La existencia de religiosos laicos, miembros de la comunidad, en pie de igualdad con los clérigos (derechos y obligaciones), salvo para los actos del ministerio sacro, es sin duda el único punto de partida. Tendríamos así comunidades en las que, en el plano estrictamente religioso, hermanos-clérigos (diáconos o sacerdotes) y hermanos-laicos estarían en pie de igualdad. La distinción actual no hace casi honor a la cualidad de servicio del sacerdote y atenta contra el testimonio de fraternidad. Suprimir esta distinción arreglaría otro problema que se presenta cada vez más en ciertos medios. Los novicios-clérigos, seguros de su llamado a la vida religiosa, llegado el día en que deben comprometerse por la profesión solemne o perpetua, dudan de su vocación sacerdotal. ¿No se le podría, en este caso, integrar plenamente a la comunidad, prescindiendo por el momento de la decisión final acerca de su aceptación o no de la función sacerdotal? Un hermano laico competente podría quizás enseñar o sus hermanos la teología o la historia, escribir en revistas especializadas, hacer investigaciones científicas, colaborar en la reflexión pastoral. La enseñanza de las ciencias teológicas no está de por sí ligada al carácter sacerdotal. El decreto nos abre una puerta ancha para corregir la situación actual, que reserva en general la vocación monástica o religiosa para los que tienen vocación clerical, desvalorizando en cierto sentido la grandeza del laicado consagrado, y no responde a las aspiraciones de muchos de nuestros contemporáneos.

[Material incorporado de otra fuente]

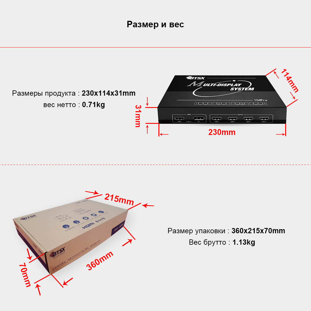 | Тип выходного интерфейса | 4 выхода HDMI; 1 аудиовыход 3,5 мм |

El único principio de distinción deseado por el Concilio está expresado por la fórmula de inspiración evangélica: “Manténgase sólo la diversidad de personas que exija la diversidad de obras a que se destinen las hermanas, ya sea por especial vocación de Dios, ya por su especial aptitud”. ¿Por qué este principio no valdrá para todo Instituto religioso?

Tal es uno de los grandes ejes que el decreto Perfectae Caritatis ofrece a la renovación de la vida religiosa. Los hemos presentado situándolo en su contexto histórico. El decreto no da respuestas a todos los problemas que tiene hoy la vida religiosa. Alguien podrá encontrar algún tono de timidez o compromiso en alguno de sus términos. Pero esto amplía el margen de iniciativa a cargo de las congregaciones religiosas. El texto es un punto de partida lleno de promesas, sin cerrar ninguna puerta. A los teólogos y a los religiosos toca hacer el camino que el poder del Espíritu en el Concilio señaló a la Iglesia.





Notas:

(*) Comentario del Nr. 15 del Decreto “Perfectae Caritatis”; condensado de un capítulo del libro L’Adoption et Rénovation de la vie religieuse de Tillar y Congar op, Paris 1967, p. 146-157. Traducción de Alberto Boselli sj.









Boletín de espiritualidad Nr. 4, p. 7-9.